> _Provided data_
*** Block opens ***

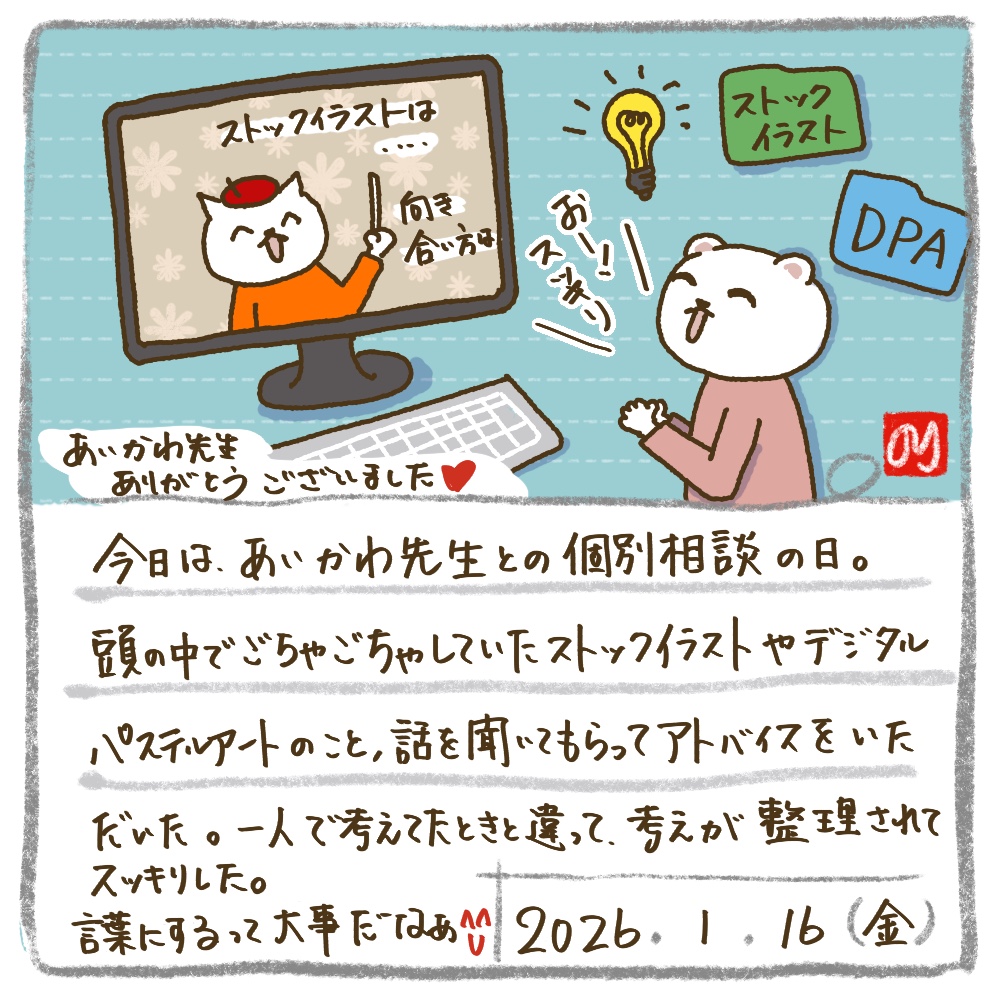 ストックイラストのこと、デジタルパステルアートのことなど話を聞いていただき、考えが整理された。
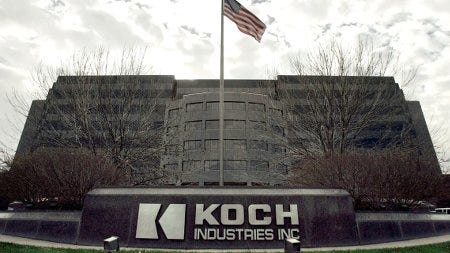 Reprenons, donc. Koch Industries Incorporated est une multinationale basée au Kansas. Elle affiche 125 milliards de dollars de chiffre d'affaires en 2021. C'est la deuxième entreprise la plus riche des États-Unis, après le géant de l'alimentation Cargill. Le cœur de son business, c'est le raffinage de pétrole.
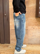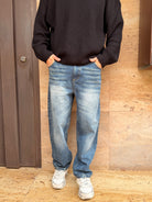 Jeans sfumato realizzato su tela fissa vestibilità top sto indossando una taglia 48 sono alto 1,80 m e peso 80 kg
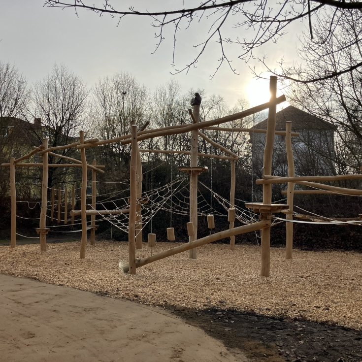 Spielgeräte: Doppelschaukel, Kletterelement, Balancier-Element, Basketballkorb, Tischtennisplatte
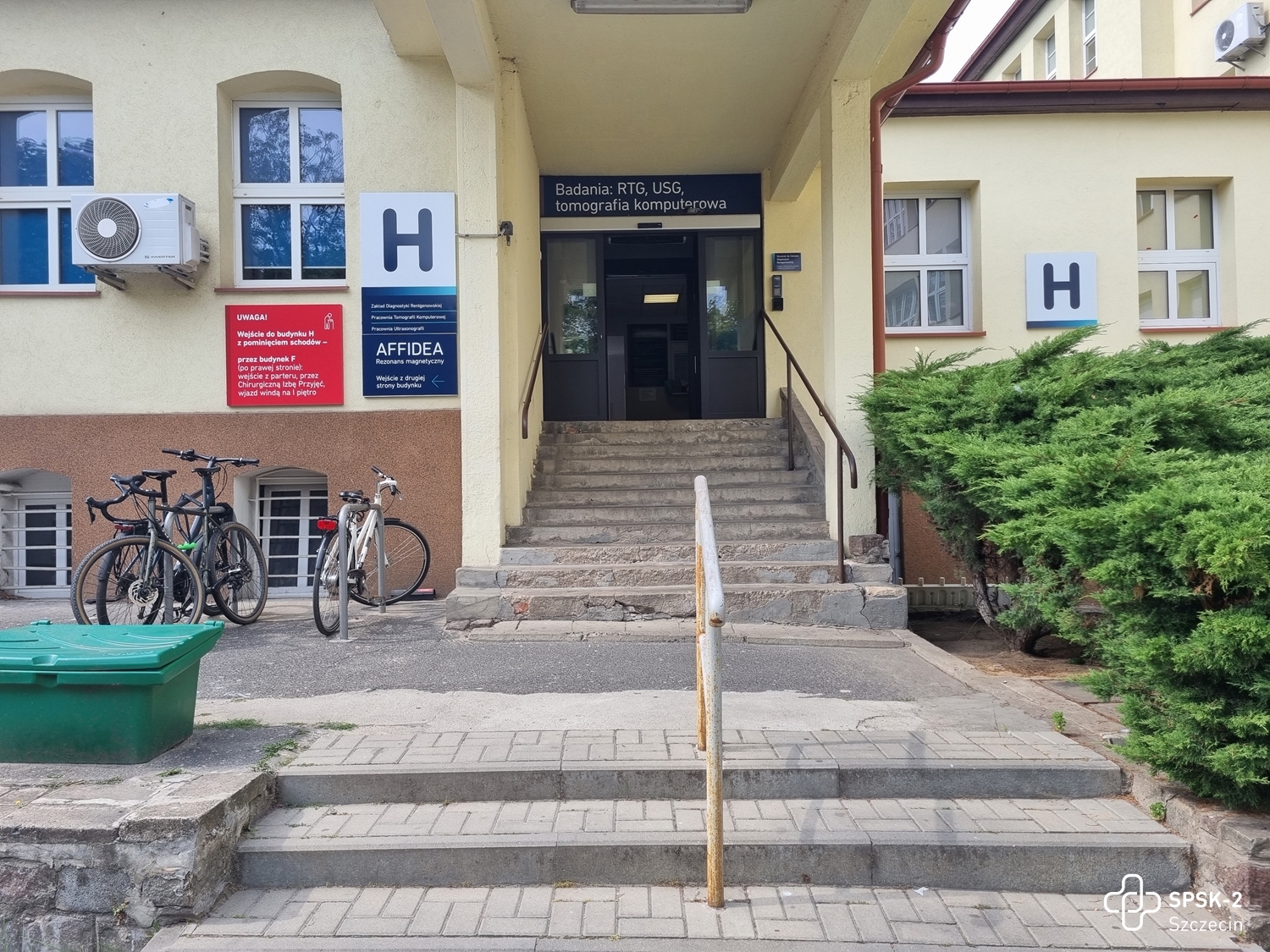Od 19 września z powodu remontu wejścia do bud. H (siedziba Zakładu Diagnostyki Rentgenowskiej – Pracowni Tomografii Komputerowej i Pracowni USG), do budynku wejść będzie można:
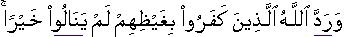 And Allah turned back, those who had refused to accept, in their frustrating rage since they could not gain/achieve anything good [by their expedition].

*** Block closes ***

Each line from the start of the entries to the line holding "Balancier-Element, Basketballkorb, Tischtennisplatte" is to be given again exactly, both ends included, and each picture is to be left out.

 ストックイラストのこと、デジタルパステルアートのことなど話を聞いていただき、考えが整理された。
 Reprenons, donc. Koch Industries Incorporated est une multinationale basée au Kansas. Elle affiche 125 milliards de dollars de chiffre d'affaires en 2021. C'est la deuxième entreprise la plus riche des États-Unis, après le géant de l'alimentation Cargill. Le cœur de son business, c'est le raffinage de pétrole.
 Jeans sfumato realizzato su tela fissa vestibilità top sto indossando una taglia 48 sono alto 1,80 m e peso 80 kg
 Spielgeräte: Doppelschaukel, Kletterelement, Balancier-Element, Basketballkorb, Tischtennisplatte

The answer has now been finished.